* Supplied records *
---

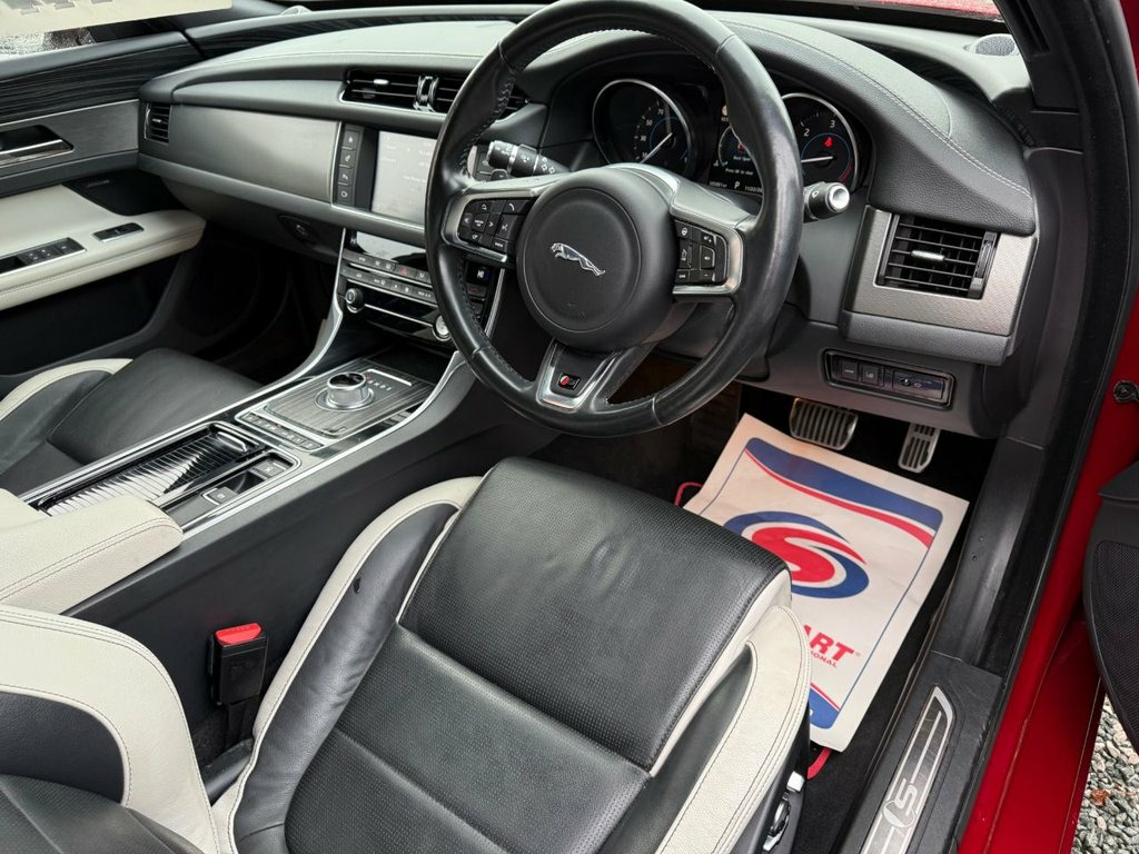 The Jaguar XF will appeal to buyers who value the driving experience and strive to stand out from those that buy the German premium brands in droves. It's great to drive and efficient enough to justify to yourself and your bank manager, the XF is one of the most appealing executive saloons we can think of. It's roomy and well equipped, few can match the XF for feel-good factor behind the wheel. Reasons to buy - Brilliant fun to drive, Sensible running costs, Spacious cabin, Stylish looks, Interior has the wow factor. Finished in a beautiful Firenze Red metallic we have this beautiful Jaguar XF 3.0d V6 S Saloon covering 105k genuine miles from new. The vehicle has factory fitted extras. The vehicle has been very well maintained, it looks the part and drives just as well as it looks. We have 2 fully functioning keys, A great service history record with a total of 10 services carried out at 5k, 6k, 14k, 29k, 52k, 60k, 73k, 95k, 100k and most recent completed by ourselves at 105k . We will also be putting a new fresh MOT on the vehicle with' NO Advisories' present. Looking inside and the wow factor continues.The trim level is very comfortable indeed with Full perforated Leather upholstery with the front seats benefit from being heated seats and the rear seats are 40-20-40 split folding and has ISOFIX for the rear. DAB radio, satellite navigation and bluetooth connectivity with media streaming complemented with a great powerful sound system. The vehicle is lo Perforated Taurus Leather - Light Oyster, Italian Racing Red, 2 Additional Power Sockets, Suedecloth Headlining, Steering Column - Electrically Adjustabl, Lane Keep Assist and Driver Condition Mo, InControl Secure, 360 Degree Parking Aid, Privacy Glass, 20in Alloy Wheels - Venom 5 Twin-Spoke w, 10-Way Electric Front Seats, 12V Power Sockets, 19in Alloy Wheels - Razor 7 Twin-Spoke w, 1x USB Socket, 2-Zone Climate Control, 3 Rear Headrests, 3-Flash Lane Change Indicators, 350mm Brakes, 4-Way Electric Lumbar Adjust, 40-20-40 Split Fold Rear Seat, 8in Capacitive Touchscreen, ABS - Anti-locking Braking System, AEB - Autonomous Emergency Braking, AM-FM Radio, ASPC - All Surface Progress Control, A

---

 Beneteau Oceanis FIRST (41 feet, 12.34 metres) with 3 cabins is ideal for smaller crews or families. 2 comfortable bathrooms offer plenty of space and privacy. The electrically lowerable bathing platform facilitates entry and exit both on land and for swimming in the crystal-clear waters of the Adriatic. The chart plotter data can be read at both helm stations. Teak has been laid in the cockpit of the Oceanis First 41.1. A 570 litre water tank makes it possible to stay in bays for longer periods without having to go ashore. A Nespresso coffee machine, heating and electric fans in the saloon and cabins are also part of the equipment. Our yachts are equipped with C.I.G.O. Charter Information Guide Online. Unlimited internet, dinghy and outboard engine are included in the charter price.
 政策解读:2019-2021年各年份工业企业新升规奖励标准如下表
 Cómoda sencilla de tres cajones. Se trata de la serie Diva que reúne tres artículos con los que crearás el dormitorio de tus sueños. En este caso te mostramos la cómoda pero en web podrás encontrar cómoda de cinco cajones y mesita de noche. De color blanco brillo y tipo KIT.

---

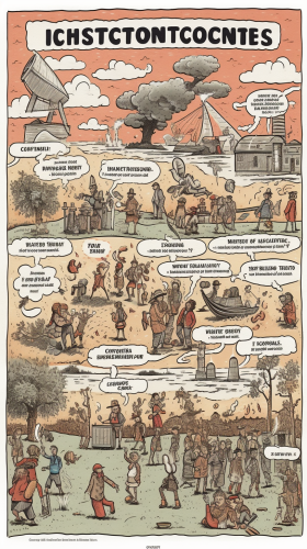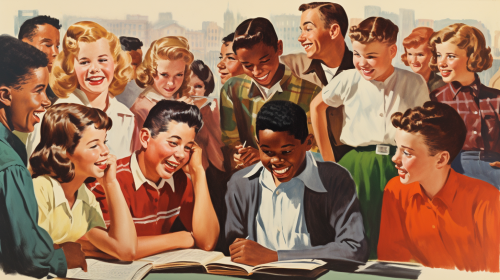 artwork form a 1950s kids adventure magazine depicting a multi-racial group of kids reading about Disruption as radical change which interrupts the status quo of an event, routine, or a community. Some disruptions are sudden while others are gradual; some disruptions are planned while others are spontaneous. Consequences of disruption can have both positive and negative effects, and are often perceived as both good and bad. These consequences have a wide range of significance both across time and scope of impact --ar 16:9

---

* Task details *
All that is wanted is the stretch of lines above from the one containing "Beneteau Oceanis FIRST" through the one containing "Cómoda sencilla de", duplicated exactly.

* Your solution *
 Beneteau Oceanis FIRST (41 feet, 12.34 metres) with 3 cabins is ideal for smaller crews or families. 2 comfortable bathrooms offer plenty of space and privacy. The electrically lowerable bathing platform facilitates entry and exit both on land and for swimming in the crystal-clear waters of the Adriatic. The chart plotter data can be read at both helm stations. Teak has been laid in the cockpit of the Oceanis First 41.1. A 570 litre water tank makes it possible to stay in bays for longer periods without having to go ashore. A Nespresso coffee machine, heating and electric fans in the saloon and cabins are also part of the equipment. Our yachts are equipped with C.I.G.O. Charter Information Guide Online. Unlimited internet, dinghy and outboard engine are included in the charter price.
 政策解读:2019-2021年各年份工业企业新升规奖励标准如下表
 Cómoda sencilla de tres cajones. Se trata de la serie Diva que reúne tres artículos con los que crearás el dormitorio de tus sueños. En este caso te mostramos la cómoda pero en web podrás encontrar cómoda de cinco cajones y mesita de noche. De color blanco brillo y tipo KIT.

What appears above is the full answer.